Even bosses can be sexually harassed — one woman's story about the power of speaking up
—Sarah Cayne has been sexually harassed at work, even when she was the boss. However, Cayne said she has had positive experiences after speaking out against her harassers.
She called from Vancouver to tell Checkup listeners that she believes speaking up when something happens to them, or their coworkers, is the only way to initiate a change in someone's behaviour.
Listen to her conversation with host Duncan McCue below.
Sarah Cayne: I'm calling because I have had the absolute privilege of being raised by a woman who helps support me to have a voice and I use that voice to call out people who have sexually harassed me in my life, which has happened on numerous occasions.
But I've also used that voice to help advocate and support for other people who haven't had that same privilege. That same benefit in their life. And it's so important for people to take the opportunity to speak out when these things happen, because it's important for people to be called out so that they know it's not acceptable.

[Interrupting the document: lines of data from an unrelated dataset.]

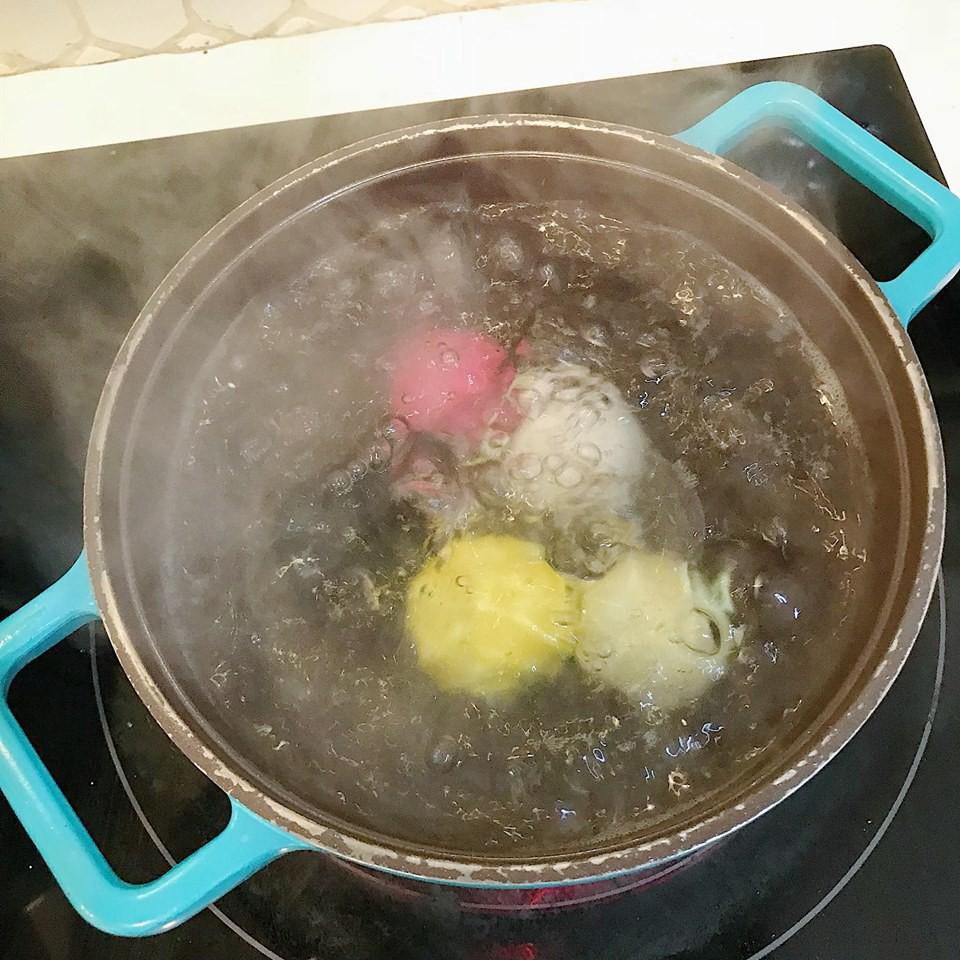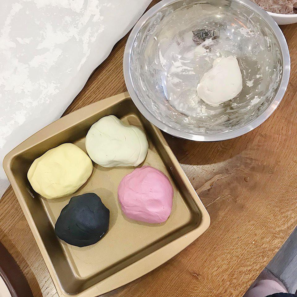 Nhào cho viên bột không dính tay. Để riêng từng viên. Nếu cẩn thận sau khi nặn mỗi màu thì nên rửa tay để tránh màu này dính sang màu khác.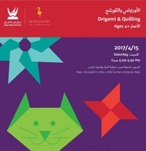 ورشة تعليمية للفنون الورقية "الأوريجامي والكويلينج" أطلقوا العنان لإبداعكم! بالتعاون مع مركز هيا الثقافي يسرنا أن نقدم لكم جلسة تعليمية للفنون الورقية، احجزوا مقاعدكم الآن واستمتعوا بعمل مختلف الأشكال! -الأعمار:4+ *الرسوم مشمولة ضمن دخولية المركز وقيمتها دينارين In collaboration with Haya cultural centre, we are glad to offer you a paper art session, Book your seat now and enjoy creating different shapes. -Ages: 4+ *Fees included in the 2 JOD center entrance fees
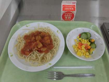 スパゲッティ地中海ソース トロピカルサラダ 牛乳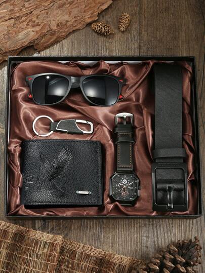 5 Pieces Men's Fashion Mechanical Style Leather Strap Quartz Watch Gift Box Set, Men's Gift, Gift For Friends - Black - View 1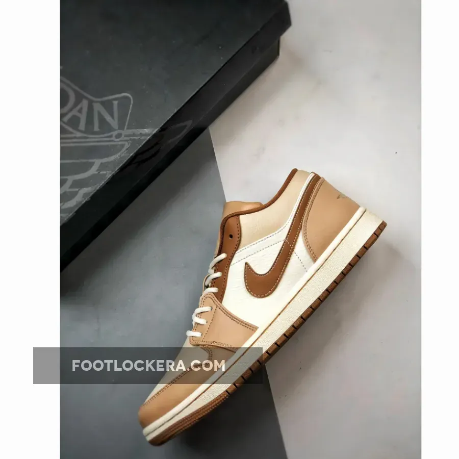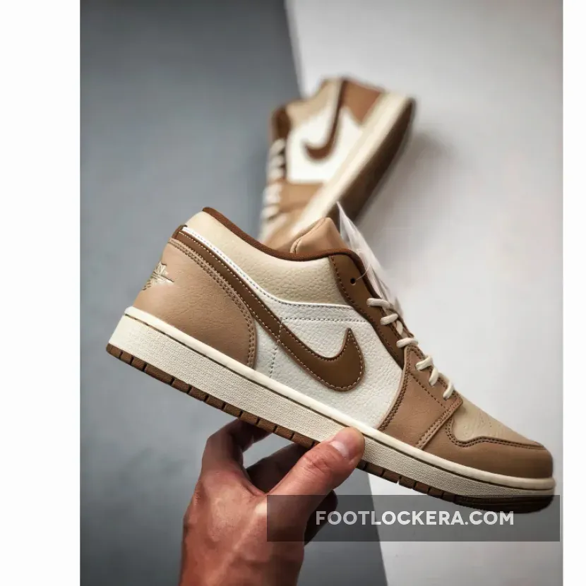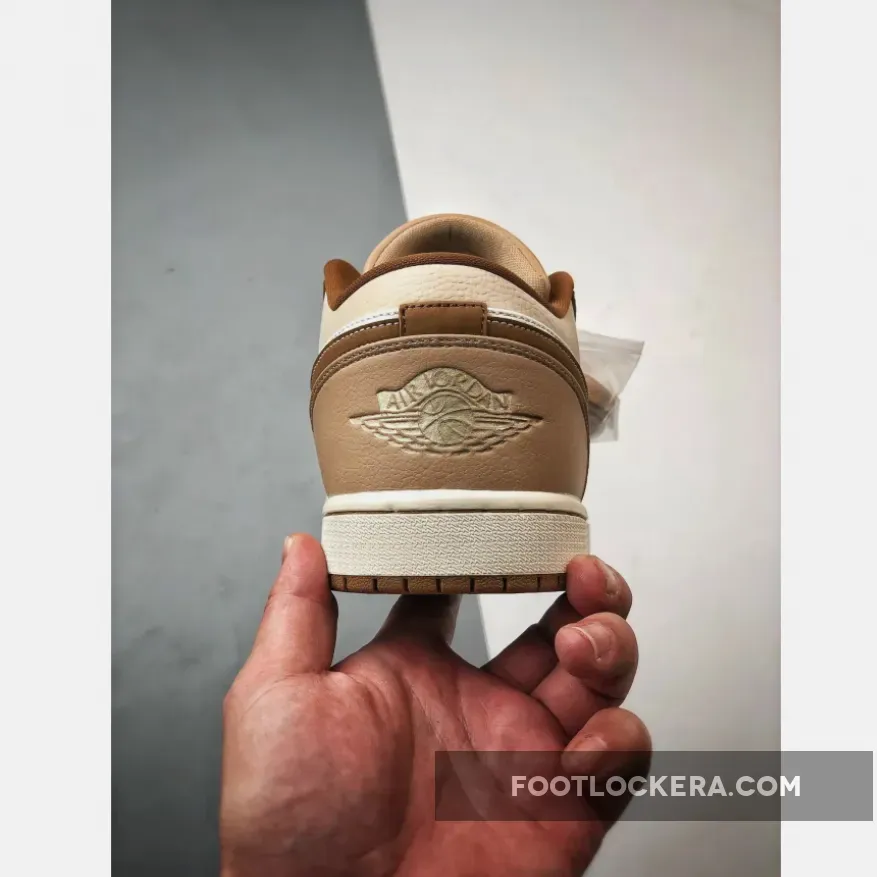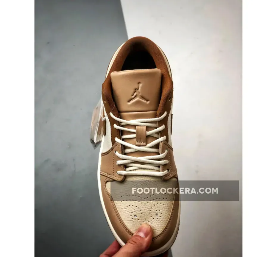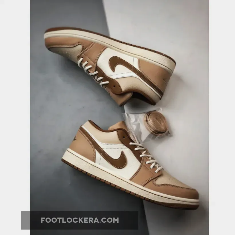 Crafted with an exquisite selection of tan and sail leathers, this Air Jordan 1 Low is anything but ordinary. Each piece of leather used in the sneaker’s construction offers its distinct hue and texture, creating a harmonious blend of natural colors that evoke the understated luxury of traditional dress shoes. Adding to this rich tapestry are brogue-style perforations at the toe, a nod to the meticulous craftsmanship and detail-oriented design that define high-end footwear.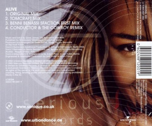 Sonique Album: «Alive [Single-CD]» See larger image Sonique Album: «Alive [Single-CD]» Close See other view Sonique Album: «Alive [Single-CD]» Close Album information Title:Alive [Single-CD] Release date: Type:Audio CD Label:Import UPC:602498120019 Buy Review - Product Description Tracks: [Original Mix] 3:50 / [Tomcraft Mix] 7:03 / [Benni Benassi Sfaction First Mix] 5:51 / [Conductor & The Cowboy RMX] 7:45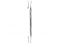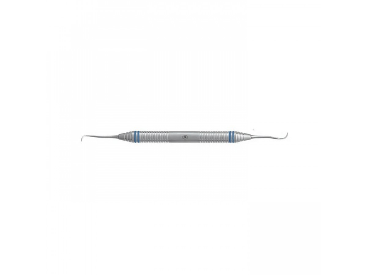 Длинная рабочая часть, одинаковой формы и размеров с обеих сторон, зеркально отраженная. Угол 25°, достигает глубины до 4,5 мм, ширина лезвия 0,9 мм. Ручка с ретенционным узором обеспечивает удобство использования.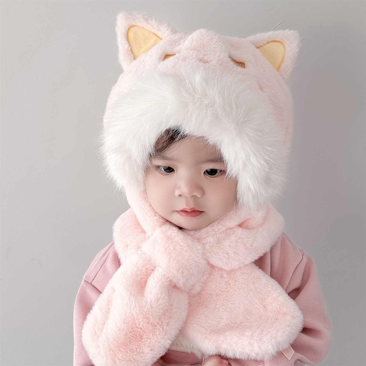 子供の帽子のマフラーが一体になって冬に保温して、男の子の女の子の赤ちゃんの2セットの赤ちゃんの肌のベルベットの帽子を厚くします

I had a man in my workplace — and I was in a position of authority — and every day he would greet me by saying, 'hi beautiful, how are you today beautiful?' And so I told him the first time, 'my name is Sarah. Please call me by my name.'
The second time it happened I said, 'my name is Sarah, and you need to call me by that name or there's going to be further consequences to that.'
A third time it happened it was in an elevator full of people. The other times it had happened there was nobody else around. So I said to him loudly, and in front of the other people, 'I've told you two times before not to use that language with me. It is not appropriate. You can call me by my name.'
He never spoke to me again in the work environment which was ideal. It was not necessary for he and I to communicate.

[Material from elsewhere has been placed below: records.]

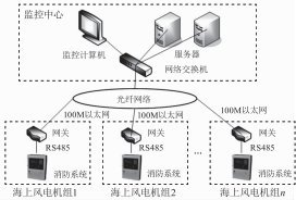 海上風(fēng)電機(jī)組由于遠(yuǎn)離陸地,相比陸上風(fēng)電機(jī)組更加不易維護(hù)管理。海上風(fēng)機(jī)在無人值守狀態(tài)下運(yùn)行,當(dāng)發(fā)生火災(zāi)時(shí),由于海況和天氣情況的影響,很可能無法派人前往滅火,從而給風(fēng)機(jī)帶來毀滅性的破壞。因此,海上風(fēng)電機(jī)組需要安裝自動(dòng)消防系統(tǒng),并接入消防物聯(lián)網(wǎng)系統(tǒng),對消防系統(tǒng)運(yùn)行狀態(tài)實(shí)現(xiàn)遠(yuǎn)程監(jiān)控,及時(shí)發(fā)現(xiàn)各類消防安全隱患,以便及時(shí)派人處理,避免火災(zāi)事故的發(fā)生。如果一旦發(fā)生火災(zāi),也可以遠(yuǎn)程控制風(fēng)電機(jī)組內(nèi)的消防系統(tǒng)進(jìn)行滅火,從而保障風(fēng)電機(jī)組的消防安全。本文設(shè)計(jì)和實(shí)現(xiàn)了一套海上風(fēng)電機(jī)組消防物聯(lián)網(wǎng)系統(tǒng),用于江蘇海上風(fēng)力發(fā)電有限公司濱海北H1/H2#項(xiàng)目風(fēng)力發(fā)電機(jī)組的遠(yuǎn)程消防監(jiān)控。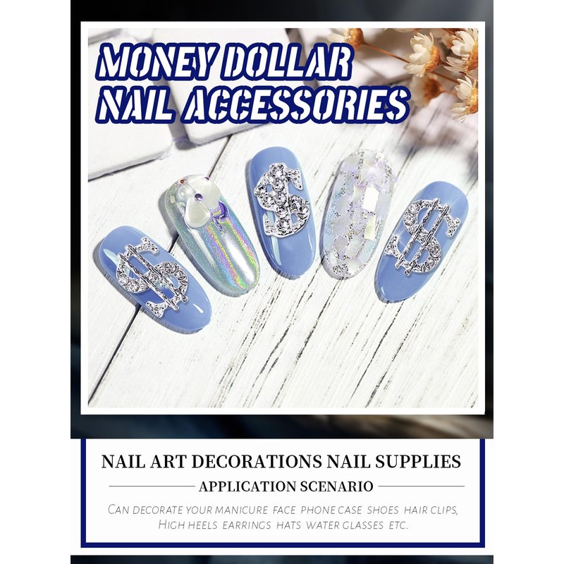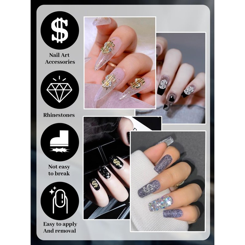 - 💰【Unique Design】These two styles nail charms feature a dollar sign design, plus the embellishment of silver rhinestones, making your nails look more delicate and dazzling.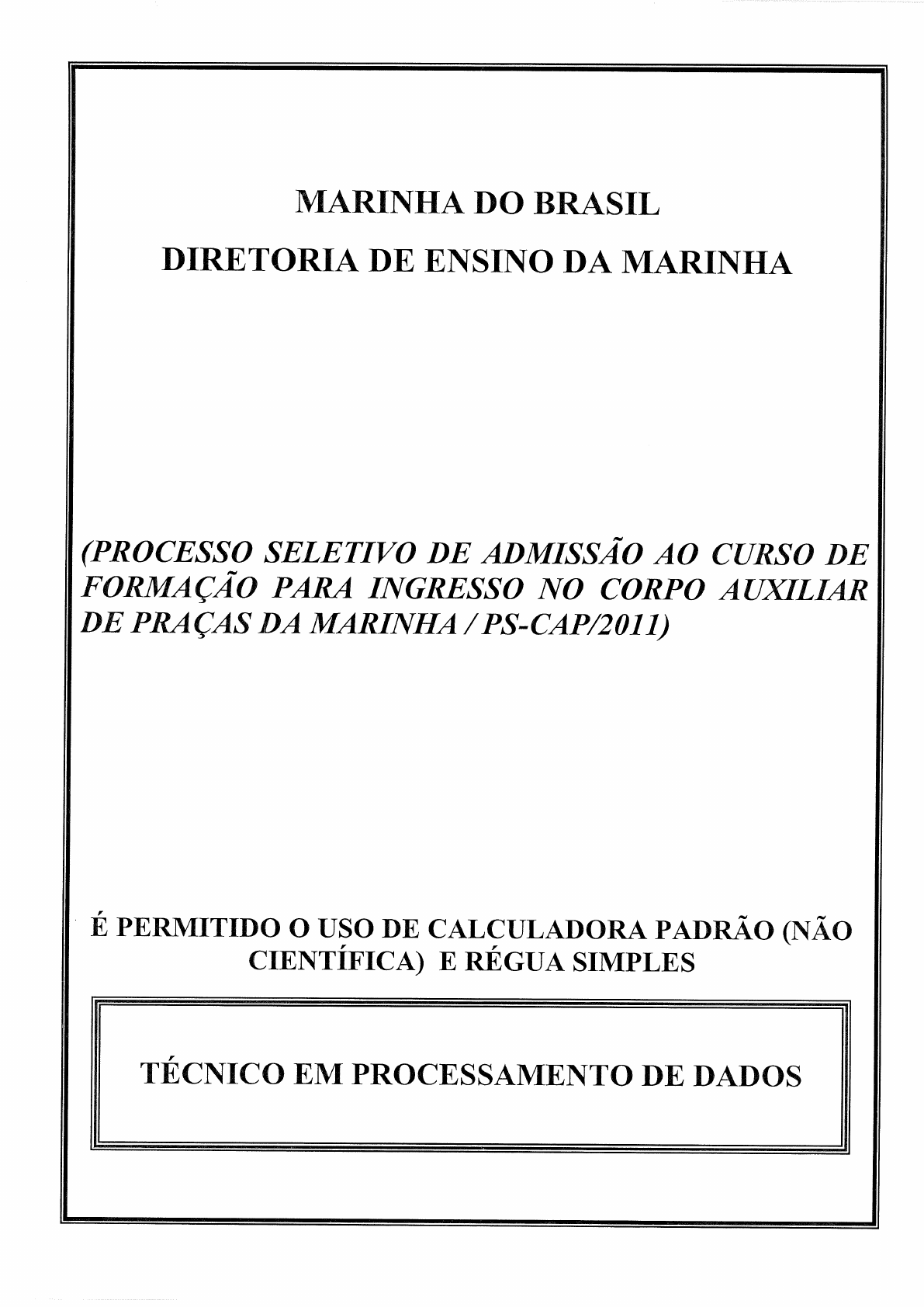 <p>MARINHA DO BRASIL DIRETORIA DE ENSINO DA MARINHA (PROCESSO SELETIVO DE ADMISSÃO AO CURSO DE FORMAÇÃO PARA INGRESSO NO CORPO AUXILIAR DE PRAÇAS DA MARINHA / PS-CAP/2011) E PERMITIDO O USO DE CALCULADORA PADRÃO (NÃO CIENTÍFICA) E RÉGUA SIMPLES TÉCNICO EM PROCESSAMENTO DE DADOS</p><p>1) número de ciclos de clock gastos na execução de um conjun- to de operações é conhecido como: (A) barramento. (B) comprimento do caminho. (C) somador binário. (D) unidade de busca de instruções. (E) máquina de estados finitos. 2) Em relação a Microinstruções, assinale a opção INCORRETA. (A) O sequenciador é responsável pela execução de todos os passos necessários à execução de uma única instrução. (B) A memória de controle guarda microinstruções. (C) Os microprogramas precisam de menos flexibilidade (pois as sequências de microinstruções tendem a ser muito curtas) (D) O MPC (MicroProgram Counter) é registrador de endereço da memória de controle. (E) MIR (MicroInstruction Register) é registrador de da- dos da memória de controle. 3) Como se denomina programa malicioso que pode capturar e armazenar as teclas digitadas pelo usuário? (A) KEYLOGGER (B) Virus (C) PHISHING (D) Cavalo de Troia (E) WORM 4) Que programa malicioso tem como característica não infectar outros arquivos, nem propagar cópias de si mesmo automatica- mente e necessita ser explicitamente executado? (A) Vírus. (B) WORM. (C) PHISHING. (D) Cavalo de Troia. (E) SPAM. Prova : Amarela Concurso : PS-CAP/11 Profissão : TÉCNICO EM PROCESSAMENTO DE DADOS 1/16</p><p>5) Analise código em JAVA a seguir. package prova; public class Main { public static void main (String [] { int total = int = new int [ 10 ] ; for (int i=0; { = i+i; } for (int i=0; i<c.length;i++) { total = total + } } Sabendo-se que código acima foi escrito e executado utilizando IDE NetBeans 6.0.1, assinale a opção correta referente ao valor da variável total que será impresso, considerando array aumentado para 13. (A) 153 (B) 154 (C) 155 (D) 156 (E) 157 6) A segurança em redes de computadores utiliza criptografia para garantir uma comunicação segura. Qual requisito básico de segurança NÃO é garantido pela criptografia? (A) Confidencialidade dos dados. (B) Integridade dos dados (C) Não repúdio. (D) Disponibilidade dos dados. (E) Autenticidade dos dados. Prova : Amarela Concurso : PS-CAP/11 Profissão : TÉCNICO EM PROCESSAMENTO DE DADOS 2/16</p><p>7) Um ataque de negação de serviço viola qual requisito de se- gurança? (A) Integridade. (B) Disponibilidade. (C) Autenticação. (D) Confidencialidade. (E) Autorização. 8) Assinale a opção que NÃO se aplica à tarefa de uma interface ou controlador de E/S. (A) Realizar a comunicação com a UCP. (B) Servir de memória auxiliar para trânsito das informa- ções entre os componentes (buffer de dados) (C) Controlar e sincronizar fluxo de dados entre a UCP/MP e periférico. (D) Buscar os dados onde estiverem armazenados, para trazê- los até a UCP. (E) Realizar algum tipo de detecção e correção de erros du- rante as transmissões. 9) Um sistema cuja função é detectar atividades maliciosas ou anômalas é chamado de: (A) FIREWALL. (B) IDS. (C) PROXY. (D) Antispam. (E) Concentrador de log. 10) Qual a diferença entre um vírus e um WORM? (A) O vírus se propaga automaticamente através de redes, en- viando cópias de si mesmo de computador para computador. (B) vírus se propaga explorando vulnerabilidades existen- tes nos softwares instalados em computadores. (C) WORM se propaga inserindo cópias de si mesmo e se tor- nando parte de outros programas. (D) O WORM depende da execução do programa ou arquivo hospe- deiro para que possa se tornar ativo. (E) O WORM não embute cópias de si mesmo em outros progra- mas. Prova : Amarela Concurso : PS-CAP/11 Profissão : TÉCNICO EM PROCESSAMENTO DE DADOS 3/16</p><p>11) Analise tadas as afirmativas abaixo em relação a linguagens orien- a objeto. I Um programa em execução em uma linguagem orientada a objeto pode ser descrito como uma simulação de si pelas mensagens. leção de computadores (objetos) que se comunicam uma entre II - Um objeto é uma abstração de um computador processamento para capacidade deste último armazenar dados e oferecer pelo fato de Objetos podem enviar e receber mensagens uns para os outros, eles NÃO podem se comunicar. IV - A essência da programação orientada a objeto é blema problemas, identificando objetos do mundo real resolver do pro- e seu processamento necessário. Assinale a opção correta. (A) Apenas a afirmativa IV é verdadeira. (B) Apenas as afirmativas I e IV são verdadeiras. (D) Apenas (C) Apenas as afirmativas I, III e IV são verdadeiras. (E) Apenas as a afirmativa afirmativas II I, é II verdadeira. e IV são verdadeiras. 12) Como é denominado ataque onde alguém faz uso da abusando da ingenuidade ou confiança do usuário, persuasão, intuito de obter informações para ter acesso não autorizado? no (A) Engenharia Social. (B) Negação de Serviço. (C) ARP (D) DNS (E) 13) Ao converter número 457, que se encontra na base 9, para a base 10, qual número será encontrado? (A) 23. (B) 73. (C) 376. (D) 677. (E) 3964. Prova : Amarela Profissão : TÉCNICO EM PROCESSAMENTO DE DADOS Concurso : PS-CAP/11 4/16</p><p>14) Segundo HARRY FARRER (1999), um algoritmo é considerado com- pleto se os seus comandos forem de entendimento do seu des- tinatário. Em um algoritmo, um comando que não for do enten- dimento do destinatário terá que ser desdobrado. Esta defi- nição é relativa a que técnica de construção de algoritmos? (A) Programação Modular. (B) Refinamentos Sucessivos. (C) Processos Escalares. (D) Refinamentos Bottom-Up. (E) Refinamentos Side-by-Side. 15) Assinale a opção que não apresenta um exemplo de Linguagem de Programação. (A) Delphi. (B) De Máquina. (C) Assembly. (D) Windows XP. (E) Visual Basic. 16) Que protocolo fornece criptografia dos dados e

It's so important for men and for women who end up in these types of situations to not let their power be taken away from them.
Duncan McCue: Sarah, let me let me read a tweet that we received. I'm curious to know what your reaction is to it. Patty Davis in Ottawa tweets: "We know it is still common. Perks of power. Perhaps a better question is "Why don't women speak up?""
We know it is still common. Perks of Power. Perhaps a better question is "Why don't women speak up?"—@pattidavisart
SC: It's scary to speak up. It's not easy to speak up. But I've never been one to shy away from something. I've always been the person to say the thing that other people are scared to say.
It's that we have to own our own experiences, and do our best to fight through it. And the more that people bring this to light the more I think that they will realize that people — the majority of managers — they don't want you going through this type of experience.
If you bring sexual harassment in the workplace to your manager's attention, I think that the majority of the time it would be dealt with in a way that would mitigate it from happening in future.
So, if you've got a voice, if you can say something, if you can help speak up for yourself, or for other people, it's wildly important that we do it, because people that are perpetrating it aren't always aware that they're having an impact. If they're not being called out on it, and being made aware of it, then how can they change their behavior?
Those who are aware of it need to be called out on it so that they cannot go on and do it to the next person. You know, 'maybe I'm going to lose my job if this happens again.' Maybe they'll take it a little bit more seriously.
It's very important for us to keep our own power. And it's not to just acquiesce to the person that wants to keep us under their thumb.